* Data to examine
──────────
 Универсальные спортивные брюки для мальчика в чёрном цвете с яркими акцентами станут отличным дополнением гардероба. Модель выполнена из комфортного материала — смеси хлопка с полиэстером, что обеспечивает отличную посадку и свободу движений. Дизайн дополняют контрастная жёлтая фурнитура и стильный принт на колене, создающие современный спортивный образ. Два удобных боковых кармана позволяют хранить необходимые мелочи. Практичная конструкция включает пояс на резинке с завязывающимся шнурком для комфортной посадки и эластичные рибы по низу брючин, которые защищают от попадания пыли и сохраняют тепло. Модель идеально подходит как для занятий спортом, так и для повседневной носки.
──────────
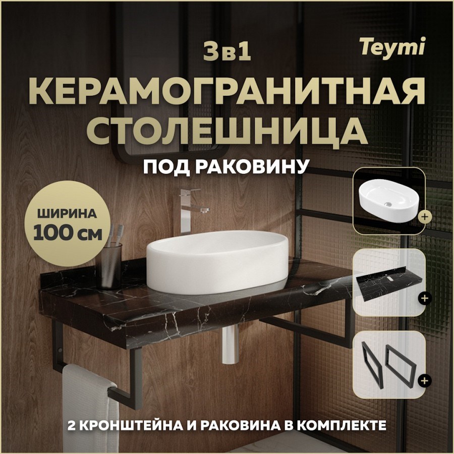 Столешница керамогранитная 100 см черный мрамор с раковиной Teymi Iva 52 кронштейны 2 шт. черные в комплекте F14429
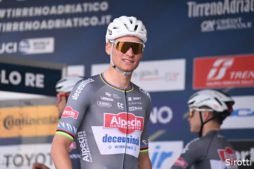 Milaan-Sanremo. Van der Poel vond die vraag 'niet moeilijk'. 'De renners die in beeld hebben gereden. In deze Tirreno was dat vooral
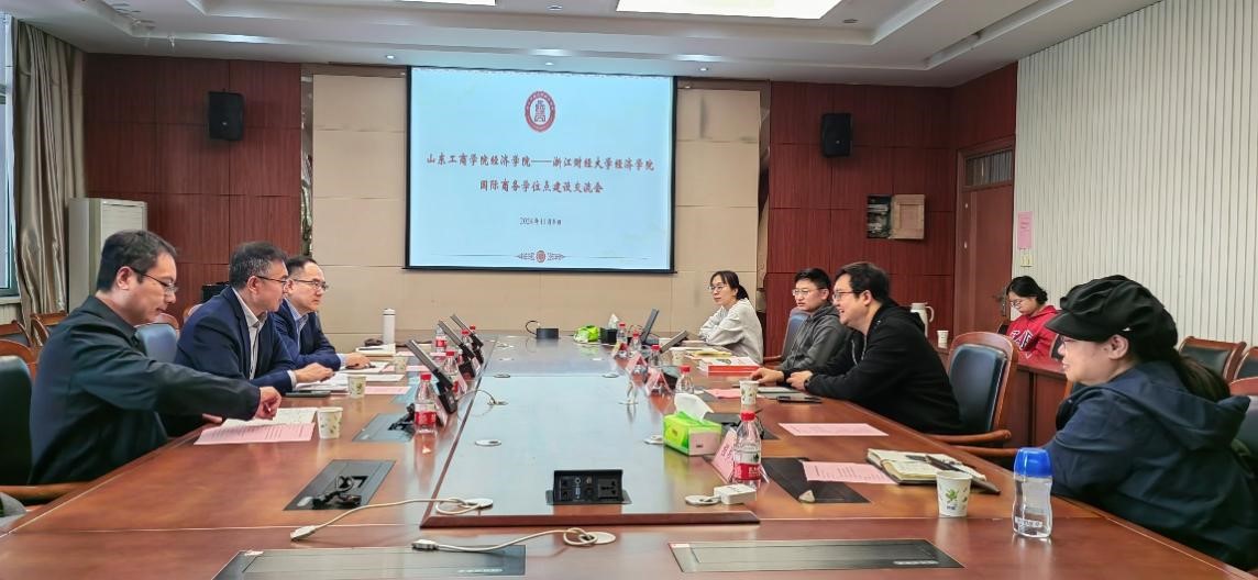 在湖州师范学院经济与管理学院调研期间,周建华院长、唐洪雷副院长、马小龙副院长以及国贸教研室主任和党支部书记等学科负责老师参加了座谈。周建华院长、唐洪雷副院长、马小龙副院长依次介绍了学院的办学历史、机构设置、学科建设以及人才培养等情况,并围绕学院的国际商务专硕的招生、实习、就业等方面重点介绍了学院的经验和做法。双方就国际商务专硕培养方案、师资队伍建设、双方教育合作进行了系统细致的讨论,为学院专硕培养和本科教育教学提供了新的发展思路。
──────────
Start with the line above containing "Столешница керамогранитная 100" and end with the line containing "在湖州师范学院经济与管理学院". Set down that stretch exactly, without any pictures.

 Столешница керамогранитная 100 см черный мрамор с раковиной Teymi Iva 52 кронштейны 2 шт. черные в комплекте F14429
 Milaan-Sanremo. Van der Poel vond die vraag 'niet moeilijk'. 'De renners die in beeld hebben gereden. In deze Tirreno was dat vooral
 在湖州师范学院经济与管理学院调研期间,周建华院长、唐洪雷副院长、马小龙副院长以及国贸教研室主任和党支部书记等学科负责老师参加了座谈。周建华院长、唐洪雷副院长、马小龙副院长依次介绍了学院的办学历史、机构设置、学科建设以及人才培养等情况,并围绕学院的国际商务专硕的招生、实习、就业等方面重点介绍了学院的经验和做法。双方就国际商务专硕培养方案、师资队伍建设、双方教育合作进行了系统细致的讨论,为学院专硕培养和本科教育教学提供了新的发展思路。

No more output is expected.